As well as overall efficiency, another focus is on the aero-mechanical impact of “the fan [blades] being buffeted in and out of the clean and distorted flow,” Hathaway says. “Forward sweep might be less, but it will be operating in a lower Mach-number flow, so it won't look radically different from a conventional fan. We may also alleviate some of the distortion of the flow by modifying or tailoring the inlet and stationary structure. That's what we hope to get out of the tests at UTRC.”

MIT and NASA, meanwhile, plan three separate wind-tunnel campaigns for the D8, with progressively larger and more sophisticated models. These will culminate with the third model in 18 months. “About that time, we will be finishing the fan data, so we will have both external aerodynamic and internal fan data,” explains Del Rosario. The airframe and propulsion system will be integrated to see if the potential benefit of BLI is still there, he adds. Overall, this could result in an 8-10% fuel-burn reduction.

For the next tunnel entry, early next year, the 1:11 model will be fitted not only with a refined tail, but also custom-designed fans for the embedded propulsors. The first tests used off-the-shelf model-aircraft electric ducted fans. “They were the best we could find, but it's a question how efficient they were,” says Uranga. “The comparison of two fans will also help assess the role of fan design in this non-uniform flow.

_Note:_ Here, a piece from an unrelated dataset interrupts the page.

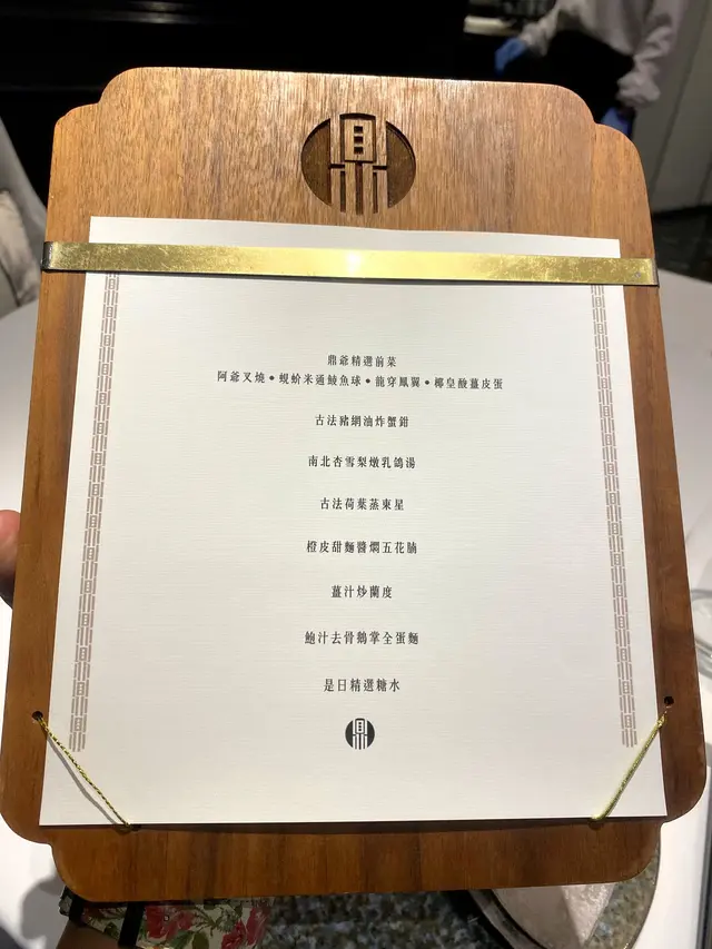 偶爾於電視觀看鼎爺的烹飪節目,看他烹製菜式均用盡心思,功架十足,一直令我欲罷不能,趁著11月時限聚令稍稍放寬,情不禁地致電預訂座位,想到餐廳品嚐一番,便,好好享受放鬆,一嚐美食。餐廳位於銅鑼灣 V point 21樓,乘坐升降機到達後,便首先於右手邊看見大型的鼎字店舖名稱和鼎爺的人形紙牌,內進走廊則設置有百子櫃放滿酒樽、酒杯,再來便看見擺放有各款紀念品售賣,經過阻隔的簾幕後,即進入大廳範圍,餐廳有五個圓形廂房,當天我們便被安排於中山廂房用餐。房內餐具排列整潔衛生,玻璃碟上擺放有摺疊好的蝴蝶結型餐巾,簡潔利落的純白佈置予人感覺舒適高雅,山水和字畫的擺設令整體富有中國風味,而桌面上亦有提供有茶水和三款醬汁以便客人使用。鼎爺精選前菜精選前菜有四款,分別是阿爺叉燒、蜆芥米通鯪魚球、龍穿鳳翼、椰皇酸薑皮蛋,叉燒口感鬆軟煙韌,香嫩多汁,肉味濃郁。蜆芥米通鯪魚球是指使用米通包裹整顆鯪魚球,入口外層鬆脆酥香,內裏煙韌彈牙,鯪魚味出眾香濃。龍穿鳳翼就是雞翼,內餡包裹著西芹和蘿蔔絲,雞翼肉香嫩滑,帶有肉汁,內裡則清甜爽脆。椰皇酸薑皮蛋是把皮蛋配搭椰子肉和酸薑,其口感芳香彈牙,椰子肉軟嫩鮮香,配搭酸薑則用作緩和皮蛋的膩滯感。古法豬網油炸蟹鉗油炸的蟹鉗色澤金黃,外型圓潤大顆,突出的蟹鉗可供顧客拿取食用。蟹鉗口感酥脆結實,爽口彈牙,內餡的蟹肉量眾多,味道鮮甜香嫩,沾上甜酸醬同食,更增添風味。南北杏雪梨燉乳鴿湯乳鴿湯清澈見底,色澤淡黃,油份可見甚少,較為健康,使用半只乳鴿、一個雪梨、瘦肉、南北杏燉製而成,飲用時稀薄不膩,味道香甜濃郁,且有著清潤滋補的功效。古法荷葉蒸東星東星魚色澤紅中有白,帶著斑點,師傅於魚肚開邊後,使用大塊的荷葉包裹著整條魚,再加入蔥絲、薑絲、醬油一同清蒸,入口鮮味十足,其肉質結實彈牙,魚味濃郁,嫩滑鮮甜,味道富有荷葉清香,同時帶有淡淡的醬油和辛香薑味。橙皮甜麵醬燜五花腩片狀的五花腩是半肥瘦的,使用甜麵醬燜製,口感肉味出眾,鹹香入味,特意配搭橙皮製作,用意是緩和鹹味,可見製作相當富有心思。伴碟的西蘭花爽口清脆,香嫩鮮甜。菜式額外附贈有白飯,配上鹹鮮的五花腩食用,一鹹一淡的配搭甚是相配,而且亦能減淡鹹膩。蘆筍吃過數款主食後,餐廳便會為客人送上一碟蘆筍,用作清理口腔味蕾,以為下一道菜作準備。蘆筍色澤碧綠,清脆爽口,沒有多加調味更能帶出原有鮮味。鮑汁去骨鵝掌全蛋麵菜餚端上時香氣撲鼻,麵條使用全蛋麵,口感幼身順滑,柔韌微硬。鵝掌已貼心地去骨,以讓客人更方便享用,鵝掌肉質軟腍滑溜,鵝味香濃,膠質豐富。兩款食材均盡吸飽汁精華,整體入味鮮香。旁邊配搭點綴的菜心碧綠新鮮,爽脆清甜。是日精選甜品是日的精選甜品是杞子圓肉紅棗燉桃膠糖水,其色澤澄澈剔透,飲用時清甜潤喉,甜度適中,且能清楚嘗到各款食材的原有鮮甜。碗中盛載有圓肉、紅棗、桃膠,可見食材用料豐富,真材實料,而且有著滋潤補血等功效。總結而言,餐廳裝潢高雅貴氣,富有中國風味,菜餚賣相精緻美觀,用作拍照打卡亦很是適合,味道製作高質用心,可見下足不少心思功夫,食材亦貨真價實,是與家人朋友吃飯的好地方。…查看更多

We will also use higher tunnel speeds for greater measurement accuracy,” Greitzer says.

Tunnel speed will be increased to 100 mph from 70 mph for the first tests. Low-speed tests are adequate for assessing BLI because “boundary-layer evolution is very weakly affected by Mach number,” says Drela. “And high-speed wind-tunnel tests cost a lot more money.” Greitzer praises the high flow quality in the 14 X 22-ft. tunnel and the “exemplary” force-and-moment balance provided by NASA, which contributed to “exceptional repeatability and confidence in the measured data,” he notes.

Beyond the BLI aspect, the NASA/MIT/Pratt team is also investigating advances in engine design that would be required to gain the most benefit from the D8 configuration. The substantial drag reduction promised by the D8 means significantly less thrust would be required, calling for less powerful engines than on today's single-aisle airliners. “The core of those engines is going to be extremely small because you are going to have very high bypass,” notes del Rosario. “Gas generators will have to get smaller, so to get the energy to drive the fan, you have to raise the overall pressure ratio, which raises the temperature aft of the compressor,” adds Hathaway.

As a result, researchers are looking to identify the efficiency limits of small compressors and whether they scale with size. “If the aft end of the high-pressure compressor is running at temperatures over 1,500F, can the materials still handle that?” Hathaway asks.

In addition, the combination of low thrust and high pressure ratio for an ultra-high-bypass D8 engine points to a decrease in compressor-exit corrected flow, which implies very small high-pressure compressor blade heights. “They could be 0.5 inches in height or smaller, and that will mean it will be hard to hold clearances,” Hathaway says. “We have research ongoing into how to mitigate those losses. We have to start looking at novel architectures when we look at small blades.”

But Uranga points out the D8 configuration could provide substantial fuel-burn reductions through boundary-layer ingestion even with existing engine technology.

“Small cores are not on the critical path,” says Greitzer. “The BLI benefit is completely decoupled from the core, and only the fan is the issue. But we have done some work on the behavior of turbomachinery in that flow regime, and Pratt & Whitney has conceptual designs for engines that have different architectures and thus different mechanical parameters in small sizes.”